Polycystic ovary syndrome (PCOS) is one of the most common endocrine disorders in reproductive‐age women with a prevalence of 10–15%.[ 1 , 2 ] PCOS is tightly linked with the metabolic syndrome, with most women having insulin resistance as well as a greater risk for dyslipidemia and overweight/obese. Not surprisingly, PCOS is also an established risk factor for nonalcoholic fatty liver disease (NAFLD), with 40%–55% of women with PCOS having imaging‐confirmed hepatic steatosis.[ 3 ] This high risk of NAFLD likely relates to coexisting metabolic disease in PCOS as well as elevated levels of circulating androgens, which also promote hepatic steatosis in women.[ 4 , 5 ] However, whether PCOS is associated with more clinically significant manifestations of NAFLD, such as nonalcoholic steatohepatitis (NASH), remains unclear. Such findings are relevant to the need for routine NAFLD screening in adolescents and young women with PCOS in addition to prognosticating the risk of progressive liver disease among young women with NAFLD.

MATERIAL AND METHODS

This study leveraged the US National Inpatient Sample (NIS), the largest, publicly available, all‐payer inpatient, longitudinal database in the United States. The NIS was developed as part of the Health Cost and Utilization Project, which is sponsored by the Agency for Healthcare Research and Quality. Data are derived from over 7 million hospital admissions annually and include demographic variables and discharge diagnoses categorized by the International Classification of Diseases, tenth revision (ICD‐10) codes.[ 6 ] Weighted, the sample provides a nationally representative estimate of over 35 million hospital stays per year. The NIS does not capture outpatient encounters.

Using NIS data from 2016 to 2018, we evaluated the association of PCOS with the presence of NASH in reproductive‐age women (18–50 years old) and NAFLD defined by ICD‐10 K76.0. The 2016 start date was selected because a dedicated ICD‐10 code for NASH (K75.81) was introduced in the last quarter of 2015. PCOS was defined by ICD code E28.2. We excluded women with any potential non‐NAFLD causes of hepatic steatosis or steatohepatitis, such as alcohol‐related conditions, and women with NAFLD plus other concurrent acute or chronic liver diseases (Table S1).

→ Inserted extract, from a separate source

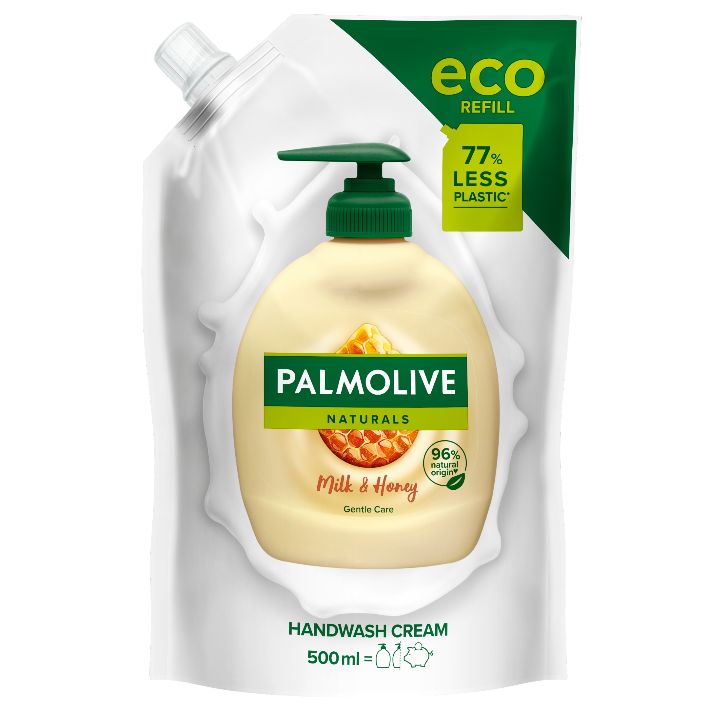 Kremowe mydło do rąk w płynie zawierające proteiny z mleka i ekstrakt z miodu delikatnie myje i pielęgnuje skórę dłoni. Testowane dermatologicznie. Zapas pomaga chronić środowisko naturalne, poprzez wykorzystanie o 75% mniej plastiku na ml produktu niż mydło w płynie z pompką Palmolive (300 ml).Pobudź ciało i umysł linią Palmolive Naturals. Inspirowana dobroczynnymi właściwościami natury, została opracowane, aby pomóc Ci zwolnić i skupić się na zmysłach w zabieganym, dynamicznie zmieniającym się świecie.Delikatna formuła Palmolive Naturals chronią naturalne pH Twojej skóry i dbają o jej naturalne nawilżenie. Została stworzona z trosce o naturalnie dobre samopoczucie Twoje i Twoich bliskich.W Palmolive wierzymy, że odrobina natury na co dzień pozwala nam poczuć się w pełni sobą.

Our outcome of interest was NASH defined by ICD‐10 K75.81 Covariates included demographics (age, race, rural vs. urban location, insurance status) and metabolic comorbidities, including diabetes (defined as “uncomplicated,” “complicated” for those with kidney, ophthalmic, neurologic, other specified or unspecified complications, and a “composite” value combining both that was used in our adjusted model), obesity, dyslipidemia, and hypertension (see Table S1). Demographic data were collected directly from the NIS database, and metabolic variables were determined by discharge diagnosis codes.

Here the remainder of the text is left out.